%%
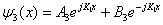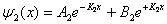Hàm sóng ψ2 phải xác định khi x≥0. Điều đó cũng có nghĩa là cho dù x tiến đến vô cùng thì ψ2 cũng phải xác định. Nhưng khi thế x=∞ vào biểu thức của ψ2 trong (2.43) thì số hạng thứ hai sẽ bằng vô cùng, dẫn đến cả hàm sóng cũng bằng vô cùng. Muốn điều này không xảy ra thì hệ số B2 phải bằng 0. Hàm sóng lúc này được viết là
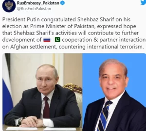 পাকিস্তানের নতুন প্রধানমন্ত্রী নির্বাচিত হওয়ায় শাহবাজ শরিফকে মঙ্গলবার (১২ এপ্রিল) অভিনন্দন জানিয়েছেন রাশিয়ার প্রেসিডেন্ট ভ্লাদিমির পুতিন। পাকিস্তানে রুশ দূতাবাস বলছে, পুতিন আশা প্রকাশ করেছেন যে শাহবাজের নেতৃত্ব, পাকিস্তান-রাশিয়া সহযোগিতামূলক উন্নয়ন এবং আন্তর্জাতিক সন্ত্রাসবাদ মোকাবিলায় অংশীদার হিসেবে অবদান রাখবে।
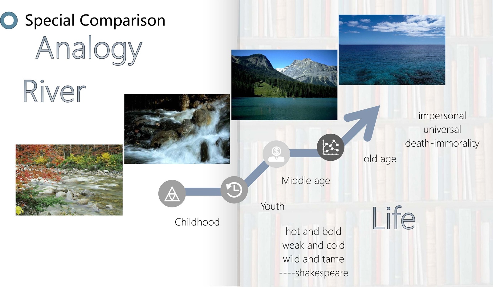 课中思辨阶段分为问题导入与文本分析阶段、价值探讨与反思阶段和跨文化比较与升华阶段。第一步笔者情境导入,激发共情。以“What can you compare life to?”(你将人生比作何物?)开放式问题切入,激活学生的生活体验与哲学初思。第二步引领学生细读文本——教材上罗素《老之将至》片段,引导学生为《老之将至》文本内容绘制思维导图,呈现罗素“人生如河”的比拟逻辑,之后借助PPT为学生清晰展示罗素的比拟逻辑,如图2所示。
%%
Problem details: Copy exactly, and only, the lines from the first line of the material through the line that contains "পাকিস্তানের নতুন প্রধানমন্ত্রী", both ends kept; no pictures.

Expected answer:
Hàm sóng ψ2 phải xác định khi x≥0. Điều đó cũng có nghĩa là cho dù x tiến đến vô cùng thì ψ2 cũng phải xác định. Nhưng khi thế x=∞ vào biểu thức của ψ2 trong (2.43) thì số hạng thứ hai sẽ bằng vô cùng, dẫn đến cả hàm sóng cũng bằng vô cùng. Muốn điều này không xảy ra thì hệ số B2 phải bằng 0. Hàm sóng lúc này được viết là
 পাকিস্তানের নতুন প্রধানমন্ত্রী নির্বাচিত হওয়ায় শাহবাজ শরিফকে মঙ্গলবার (১২ এপ্রিল) অভিনন্দন জানিয়েছেন রাশিয়ার প্রেসিডেন্ট ভ্লাদিমির পুতিন। পাকিস্তানে রুশ দূতাবাস বলছে, পুতিন আশা প্রকাশ করেছেন যে শাহবাজের নেতৃত্ব, পাকিস্তান-রাশিয়া সহযোগিতামূলক উন্নয়ন এবং আন্তর্জাতিক সন্ত্রাসবাদ মোকাবিলায় অংশীদার হিসেবে অবদান রাখবে।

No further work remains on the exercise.